Dan Williams wrote:
> [note: I don't think double underscore should ever be used; maybe this should be removed]

I think it should, it's just confusing.

I am a bit concerned about visibility though; for stuff that should
_never_ be used from programs outside of the sugar bindings we should
really be using __ to keep the symbols private.  There _are_ things that
we need to do that we really don't want to be part of the public API,
and that we want to enforce; especially where the implementation details
might change quite rapidly over the next few months.  But in general, __
should go away.

Note that __ isn't just private outside of sugar, but private to every function outside of the original class, including functions defined or overridden in subclasses.

>For simple public data attributes, it is best to expose just the attribute name, without complicated >accessor/mutator methods

I'm not sure I like this... It's quite unusual for non python coders.

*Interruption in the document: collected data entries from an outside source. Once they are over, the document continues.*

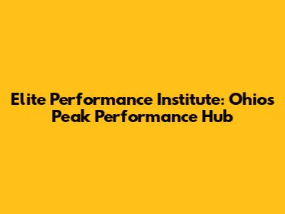 Elite Performance Institute: Ohio's Peak Performance Hub
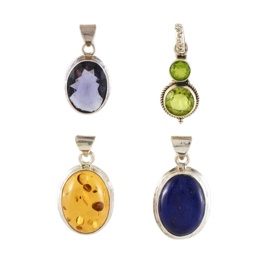 158. Lote de cuatro colgantes de: ambar, lapislázuli, olivina y amatista.
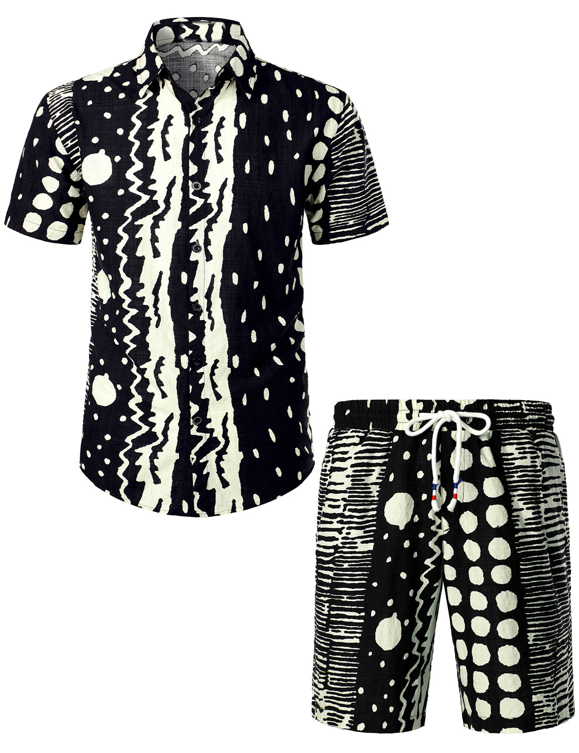 Ensemble chemise et short assortis vintage vert style bohème décontracté des années 70 pour hommes
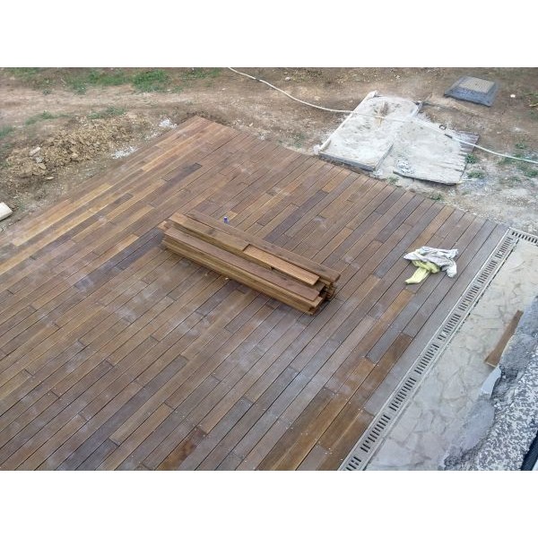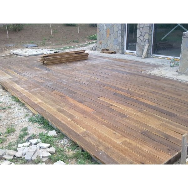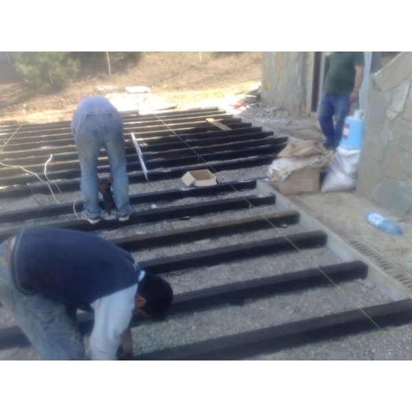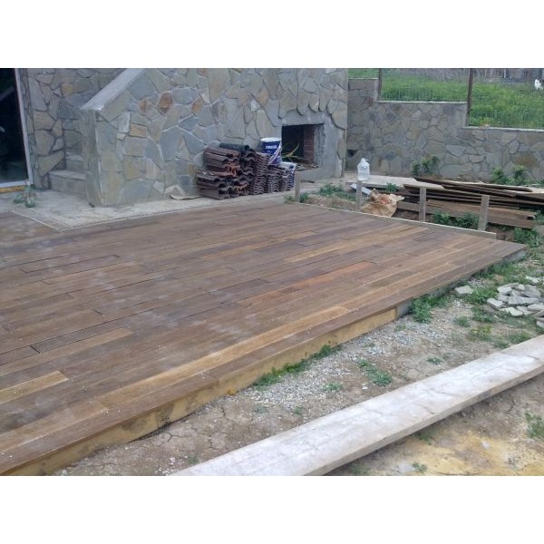 montaj profesionist de decking pe structura de lemn si pe piloni de beton
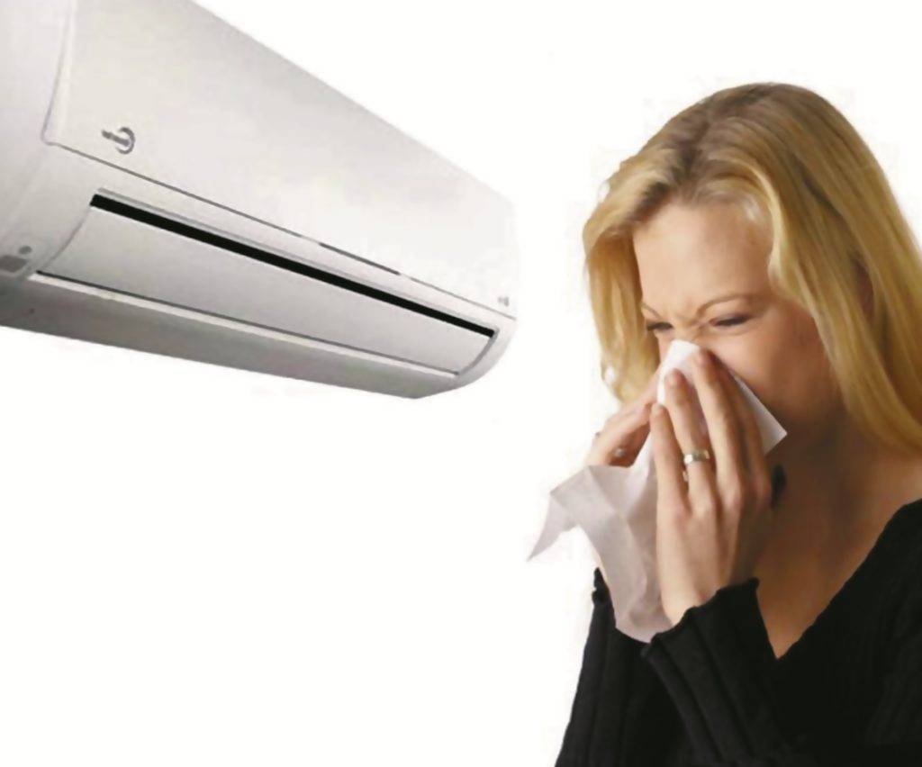 - Работающий кондиционер высушивает воздух в помещении. В первую очередь это влияет на слизистую оболочку носа, а также на кожу. Особенно страдают люди с дерматологическими проблемами;
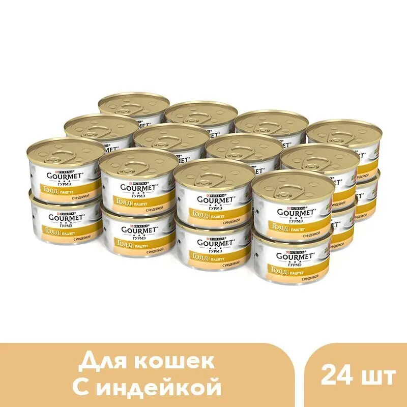 Влажный корм Gourmet Гурмэ Голд Паштет для кошек с индейкой, Банка, 24х85 г.
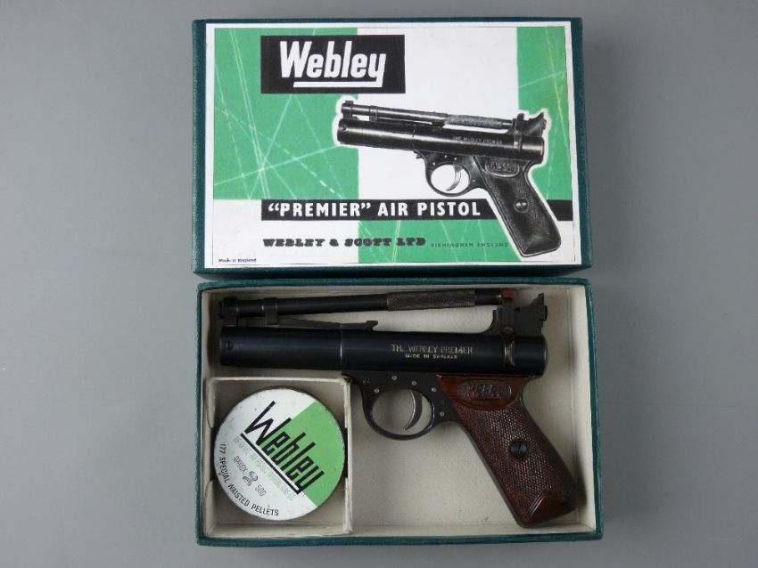 AIR PISTOL .22 Webley Premier, early E series, 69/72, batch 823, original white letters, in later correct style box with accessories, near new, good pressure, 17 cms barrel
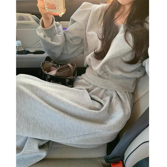 Set: Square Neck Plain Crop Sweatshirt + Elastic Waist Plain Wide Leg Sweatpants
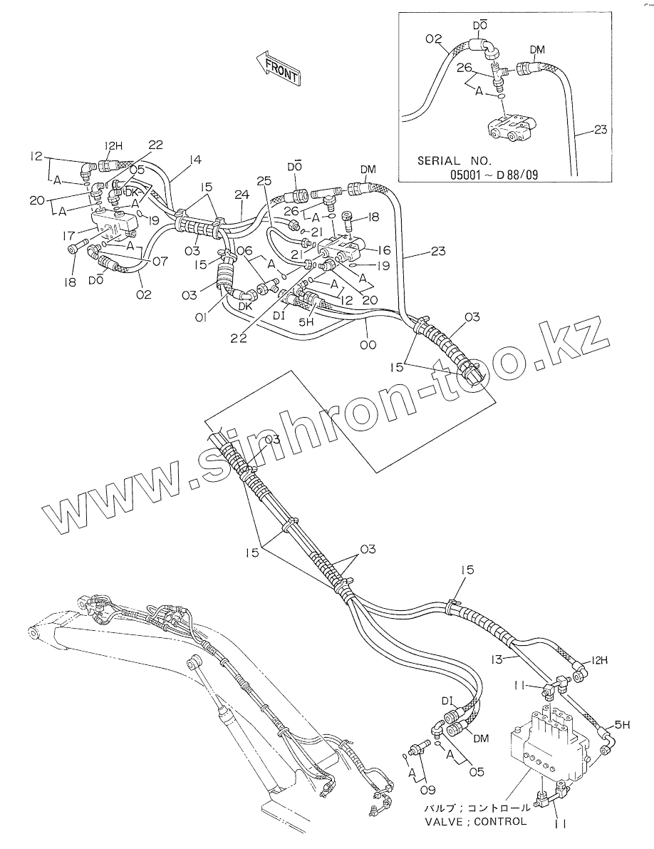 Каталог запасных частей к технике: Hitachi EX-270. HOSE RUPTURE VALVE PIPINGS (ARM)
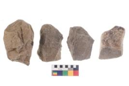 | Description / विवरण | These are n 4 of worked tools. They are tapering at one end and have sharp edges. They have flat base and show dominant irregular scar pattern. |
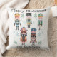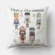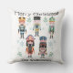 This Christmas holiday throw pillow features a classic toy soldier nutcracker theme. Five different vintage style nutcrackers are printed in a watercolor painting design, and accented with winter branches and snowflakes. A "Merry Christmas" greeting is printed across the top, with a sample family name printed at the bottom. You can personalise the pillow to include your own custom name or text.
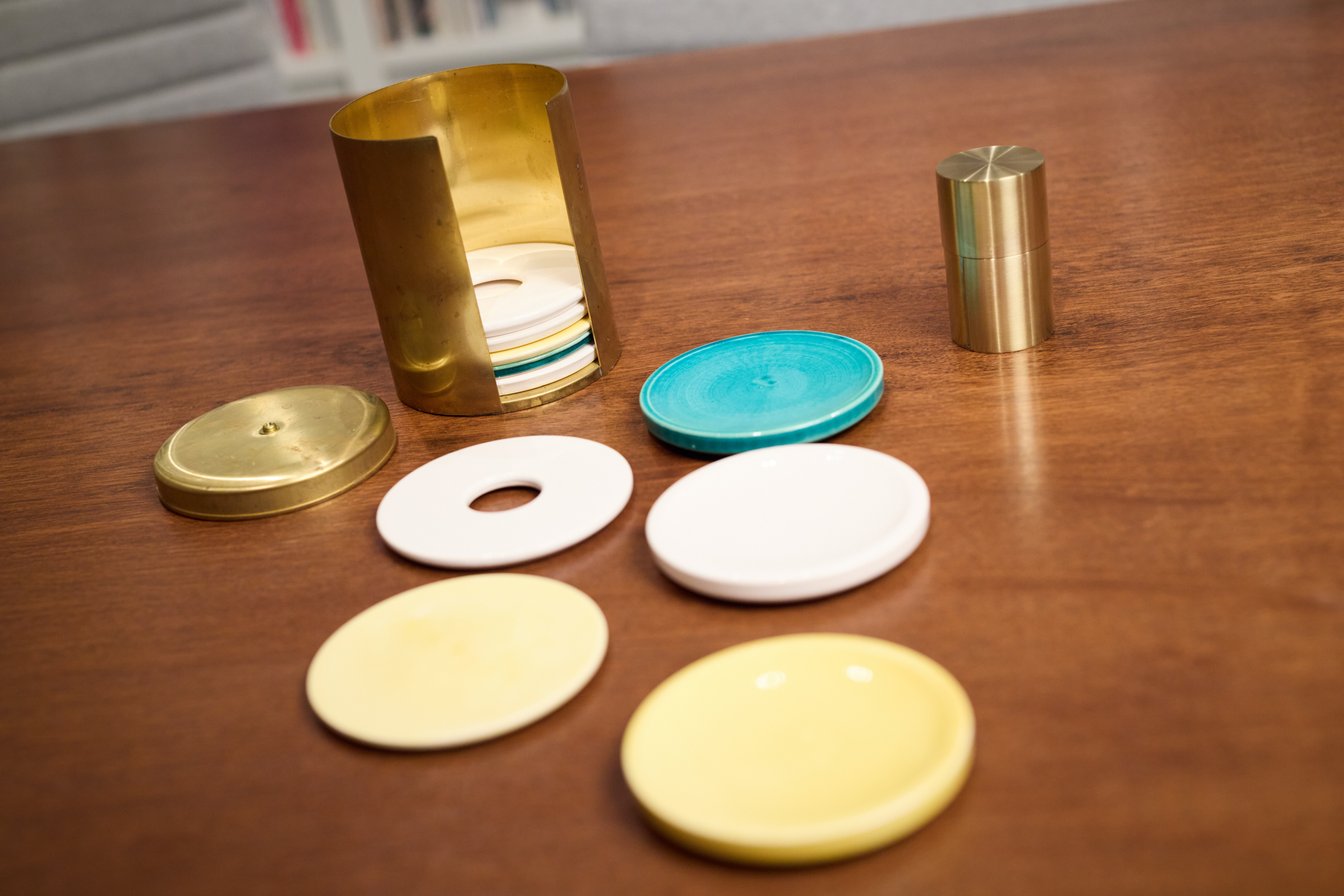 今ここにあるコースターセットも、実は八木さんにケース、上出くんに中のコースターを作ってもらった試作品なんです。「〇〇が欲しいから作って」「じゃあこういう形状にしようか」といった実験や遊びを日常的に繰り返していて。そういった試行錯誤が、今回のプロダクトにも繋がりました。真鍮の茶筒は使い続けると風合いが変化して味が出てくるから、それも楽しめると思います。
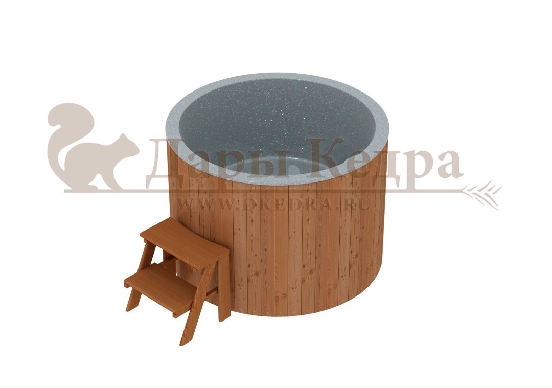 Круглая композитная купель «Премиум 160» Это купель с круглой внутренней чашей, которая изготовлена из современного прочного и термоустойчивого материала (композита). Форма чаши обеспечивает комфортную посадку внутри изделия. Для удобного использования купель оснащена приставной лестницей. Обручи из нержавеющей стали декорируют купель с композитом и равномерно распределяют нагрузку во время процедур. Подходит для установки в помещении и на открытом воздухе. При уличном использовании, рекомендуется дополнительно оборудовать купель водогрейной твердотопливной печью. Композитная вставка облегчает уход за изделием и увеличивает срок службы купели.
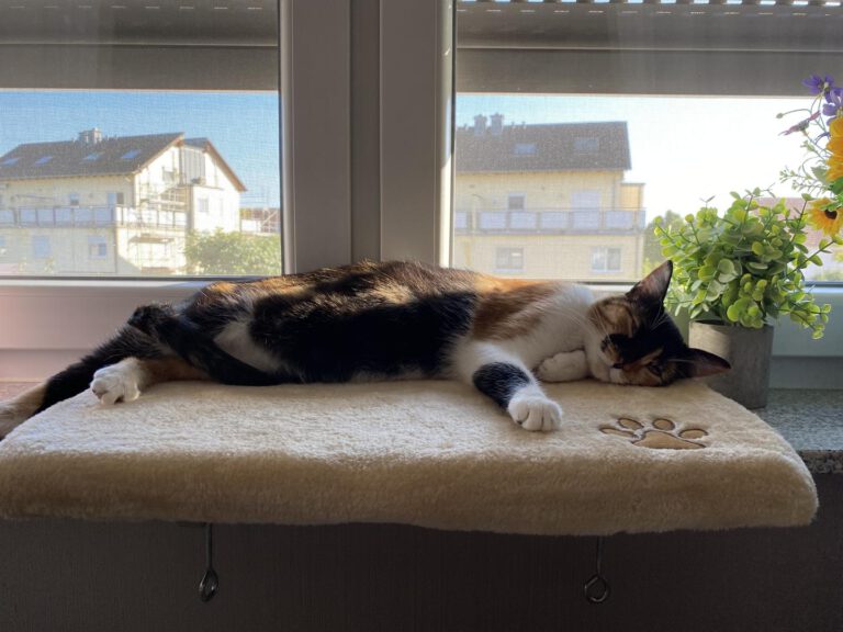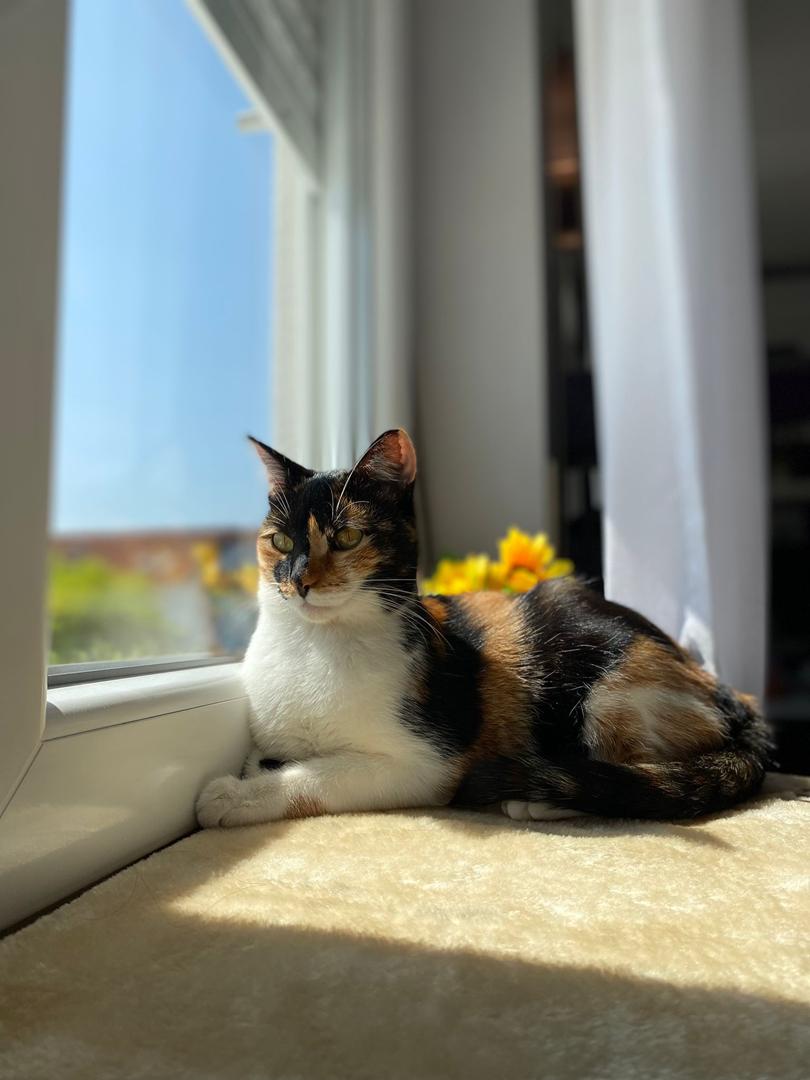 Die Lieblingsplätze sind definitiv die Fensterbänke, da beobachten die beiden zusammen täglich die Nachbarschaft und abends wird sehr viel getobt und gemaunzt🙈. Plötzliche Bewegungen oder unbekannte, laute Geräusche verschrecken sie noch immer, weswegen wir mit dem gesicherten Freigang noch etwas warten möchten. Auf unserer To-Do-Liste steht der Umbau aber definitiv.

If we want to keep it we should probably elaborate more on it in the guide.

Again, if we expect any of this stuff to change we should be hiding them
behind accessors...  I know there are a _ton_ of tricks you can use in
Python to maintain backward compatibility, and I've seen & used a few of
them before in my python projects.  This is a balance between work we'd
have to do in the future to maintain backwards compat and a small amount
of adding accessors here and there.

I'm very uncomfortable with exposing stuff like:

class Foo:
        def __init__(self):
                self.var = 1

a = Foo()
a.var = 2

because then you can't do any validation and you never know when the
variable changes; accessors fix this because you always know when the
value changes and you can validate the change and throw exceptions.  If
this isn't what you're talking about, ignore me.

I'm not arguing against single-underscore private variables (like self._var). Double underscore (e.g., self.__var) is the stuff that does name mangling, which does weird things to introspection tools and subclassing.

For example; dbus always returns strings as unicode because the native
bus encoding is UTF-8, and you can't just do 'if a == b' where a is
unicode and b is encoded.  Therefore, for stuff like that, you always
need to use an accessor to either enforce the restriction or to do the
conversion yourself.

Not directly your point, but I do think we need to be very careful about avoiding encoding strings, doing the decoding at the boundaries whenever possible (where dbus is a boundary).